The statement also revealed VanMoof had already stopped selling and shipping individual spare parts to customers earlier this year.
The company has also issued information to assist VanMoof bike owners, including how to manage their bike unlocking codes so they can continue to use their e-bikes.
Cowboy to the Rescue
Soon after the preliminary suspension of payments was granted, rival company Cowboy released a free iOS app which VanMoof users can use to store their digital bicycle key, so they can continue to use their bikes.
“We wanted to get this shipped as quickly as possible because it will work while the VanMoof servers are live and we just don’t know how long that will be,” Cowboy communications director Amy Grimshaw said at the time.
In a move of sector solidarity, to keep e-bike and their riders on the roads, Cowboy engineeres reportedly started to build their ‘Bikey app’ immediately after VanMoof was granted its payment protection.

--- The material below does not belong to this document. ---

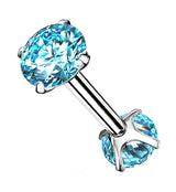 Dazzle ‘em with our double aqua CZ barbell! The 16g straight barbell features 316L stainless steel construction, 5/16" wearable area and internal threading for a reliable fit. Aqua cubic zirconia ends are set with prongs and measure 3mm total. Designed for healed piercings only.
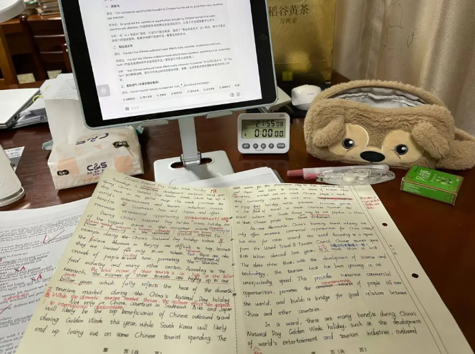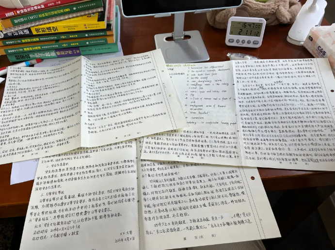 六月暑气渐浓时,疲惫突然涌上来了。看着永远背不完的词条、做不完的真题,第一次怀疑:这样日复一日,真的能考上吗?但合上书想想,都已经走了三个月,难道要现在回头吗?咬咬牙,继续在单词本上画下新的重点。暑假的蝉声喧嚣,我选择与留校的寂静为伴。学院的打卡制度像温柔的推手,让散漫的时光有了清晰的刻度。当然,也有撑不住的时候 —— 某个蝉鸣刺耳的午后,看着密密麻麻的笔记突然红了眼眶。于是给自己放了一周的假,去看夏日的云,吹傍晚的风,回来后发现,休息后的征程,脚步竟更轻快了些。

Bikey was created by reverse engineering the VanMoof app and rebooting it.
Rad Power Pulling Out of Europe
Another shining light of fashionable urban e-bikes, Seattle company Rad Power Bikes, announced last week it is pulling out of the European and UK markets from 2024, to focus on North America “in order to be competitive and successful in the long term”.
“An in-depth business evaluation made it clear that the move was necessary for long-term success,” Rad Power Bikes CEO Phil Molyneux, who was appointed last year, says in an online statement.
“For now and the next several months, it will be business as usual, and we are fully available to you for test rides, questions, and service needs, as well as having ample stock of our award-winning e-bikes available.”
Rad Power has also benefitted from massive input from investors in recent years, raising $329 million (A$488.12 million) in private investment since its launch in 2007.
In 2021 alone, it raised more than $300 million (A$445.37 million) in two investment rounds.
However, the company has reportedly had four rounds of job cuts in the past two years. It scrapped 100 positions in April 2021 and 63 in July 2022, followed by further layoffs in December and April 2023.